### Try it
Nothing in the listing should be altered when it is copied, and no picture goes into the copy.

### Information shown

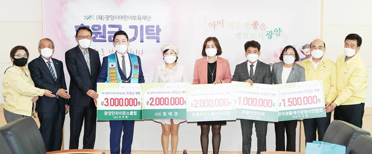 (재)광양시어린이보육재단에 따뜻한 마음을 나누는 후원의 손길이 각종 사회단체, 시민들의 적극적인 동참으로 이어지고 있다.
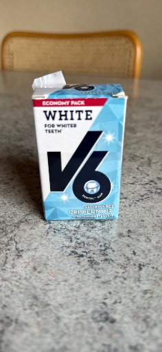 V6 White Peppermint Chewing Gum is a sugar-free gum designed to help reduce tooth discoloration and neutralize plaque acids. Manufactured in Poland, it is produced by V6 AB, a Swedish company known for its dental care-focused chewing gum products. The gum contains sweeteners like sorbitol, xylitol, and aspartame, along with sodium stearate, which aids in whitening teeth. The product is available in various markets, including Sweden, Switzerland, and the United States, reflecting its international distribution. V6 AB continues to operate as an independent entity, focusing on oral health solutions through its range of chewing gum products.
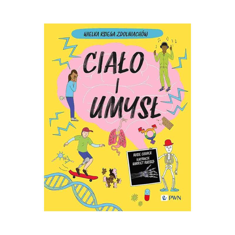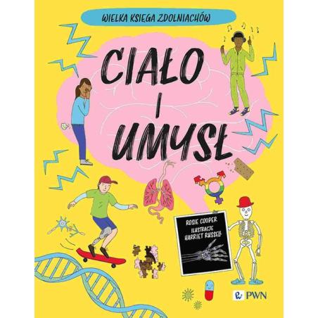 Ta wspaniała, nietypowa książka kierowana jest do małych naukowców – stąd też jej tytuł Wielka Księga Zdolniachów. W środku nasi młodzi badacze będą mogli poznać wyjątkowy, frapujący i niezwykle ciekawy świat naszych ciał i umysłów – stąd jej tytuł: CIAŁO I UMYSŁ. Ta książka to nowatorskie podejście do nauki dla młodych zdolniachów. Znajdą w niej niesamowite, lecz prawdziwe historie, interaktywne zadania i niecodzienne infografiki. Co sprawia, że twoje ciało działa? Czy to wszystko dzieje się w Twoim umyśle? Wybierz się na wycieczkę po ludzkim ciele od stóp do głów i wszystkim, co pomiędzy nimi. Najnowsza odsłona serii Wielka Księga Zdolniachów to przystępne, zabawne i ciekawe wprowadzenie do nauki o ludzkim ciele. Pełne dziwacznych faktów i zdumiewających aktywności – mali mózgomaniacy odkryją wszystko, co trzeba wiedzieć o ciele i genialnym mózgu, który sprawia, że to wszystko działa. Przewodnikiem małych naukowców po tym świecie jest wyjątkowa postać – Czachosław Kość-Uszko, który ma mnóstwo tajnych informacji o sekretach ich ciał. Ta książka to ekscytujące wprowadzenie do często złożonych, czasami obrzydliwych i całkowicie fascynujących funkcji ludzkiego ciała. Zawiera praktyczne ćwiczenia i łatwe eksperymenty,między innymi prowadzenie dziennika kupy i iluzje optyczne. Małe zdolniachy będą mogły sprawdzić też, co dzieje się z jedzeniem, które spożywają, w jaki sposób leki mogą ich oszukać, aby poczuły się lepiej, a także jak i dlaczego śnią. Książkę Wielka Księga Zdolniachów – CIAŁO I UMYSŁadresujemy do ciekawych świata dzieci, które chcą wiedzieć, jak działa ichorganizm i jak ich mózg dba o codzienne funkcjonowanie ciała. Znajdą w niej odpowiedzi zarówno na zagadnienia podstawowe, jak i na dziwaczne pytania dotyczące ciał, w których żyjemy.

### Reply
 (재)광양시어린이보육재단에 따뜻한 마음을 나누는 후원의 손길이 각종 사회단체, 시민들의 적극적인 동참으로 이어지고 있다.
 V6 White Peppermint Chewing Gum is a sugar-free gum designed to help reduce tooth discoloration and neutralize plaque acids. Manufactured in Poland, it is produced by V6 AB, a Swedish company known for its dental care-focused chewing gum products. The gum contains sweeteners like sorbitol, xylitol, and aspartame, along with sodium stearate, which aids in whitening teeth. The product is available in various markets, including Sweden, Switzerland, and the United States, reflecting its international distribution. V6 AB continues to operate as an independent entity, focusing on oral health solutions through its range of chewing gum products.
 Ta wspaniała, nietypowa książka kierowana jest do małych naukowców – stąd też jej tytuł Wielka Księga Zdolniachów. W środku nasi młodzi badacze będą mogli poznać wyjątkowy, frapujący i niezwykle ciekawy świat naszych ciał i umysłów – stąd jej tytuł: CIAŁO I UMYSŁ. Ta książka to nowatorskie podejście do nauki dla młodych zdolniachów. Znajdą w niej niesamowite, lecz prawdziwe historie, interaktywne zadania i niecodzienne infografiki. Co sprawia, że twoje ciało działa? Czy to wszystko dzieje się w Twoim umyśle? Wybierz się na wycieczkę po ludzkim ciele od stóp do głów i wszystkim, co pomiędzy nimi. Najnowsza odsłona serii Wielka Księga Zdolniachów to przystępne, zabawne i ciekawe wprowadzenie do nauki o ludzkim ciele. Pełne dziwacznych faktów i zdumiewających aktywności – mali mózgomaniacy odkryją wszystko, co trzeba wiedzieć o ciele i genialnym mózgu, który sprawia, że to wszystko działa. Przewodnikiem małych naukowców po tym świecie jest wyjątkowa postać – Czachosław Kość-Uszko, który ma mnóstwo tajnych informacji o sekretach ich ciał. Ta książka to ekscytujące wprowadzenie do często złożonych, czasami obrzydliwych i całkowicie fascynujących funkcji ludzkiego ciała. Zawiera praktyczne ćwiczenia i łatwe eksperymenty,między innymi prowadzenie dziennika kupy i iluzje optyczne. Małe zdolniachy będą mogły sprawdzić też, co dzieje się z jedzeniem, które spożywają, w jaki sposób leki mogą ich oszukać, aby poczuły się lepiej, a także jak i dlaczego śnią. Książkę Wielka Księga Zdolniachów – CIAŁO I UMYSŁadresujemy do ciekawych świata dzieci, które chcą wiedzieć, jak działa ichorganizm i jak ich mózg dba o codzienne funkcjonowanie ciała. Znajdą w niej odpowiedzi zarówno na zagadnienia podstawowe, jak i na dziwaczne pytania dotyczące ciał, w których żyjemy.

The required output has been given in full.